To put it another way, numbers can play a role in forming phenomena, bringing them into being, and making sense of them. Numbers are not neutral or objective, despite popular belief, especially when it comes to qualitative sources of knowledge. They are inextricably linked to what is deemed valuable, serving as both a source of value and a measure of it, as well as representing what is deemed valuable to quantify in the first place (West 2014). Digital data objects that are converted to numbers by digital technologies are both products of socio-technical devices and devices in and of themselves, with agency and power.
There is no such thing as “raw” data; in fact, “raw data” is an oxymoron, according to the memorable title of one book on the subject (Gitelman 2013). There are conventions and practices for locating, recording, archiving and categorizing data that are configured by the data itself.
Specific beliefs, judgments, values, and cultural assumptions that ‘cook’ the data from the start, never leaving it in a ‘raw’ state (Baym 2013; Boyd and Crawford 2012; Gitelman and Jackson 2013; Räsänen and Nyce 2013).

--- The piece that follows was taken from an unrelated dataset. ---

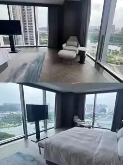 The 'Garden Mountain Lake Suite' I stayed in is very spacious. From the bedroom, one can enjoy the view of 'Jiangmen Sports Center', overlook star concerts, and also appreciate the lake view of 'Garden Mountain Lake'. It is said that there are music fountain performances on weekends here 🎶🎶🎶

Digital data is co-produced or co-authored by those who create the software and devices that elicit and archive it, the coders who create the algorithms in the software, and those who use these technologies rather than pre-existing items of information. Individuals or institutions that archive data have a significant impact on how the data is organized and classified, and thus on how potential users can access and retrieve the data (Beer 2013a).
Big data discourses and practices have also spawned new ways of conceptualizing people and their actions. Indeed, it has been argued that our’ data selves,’ as defined by the data we and others collect on ourselves, represent human subjects. ‘digitized humans’ or ‘data-generating machines’ are two terms for data archives (McFedries 2013).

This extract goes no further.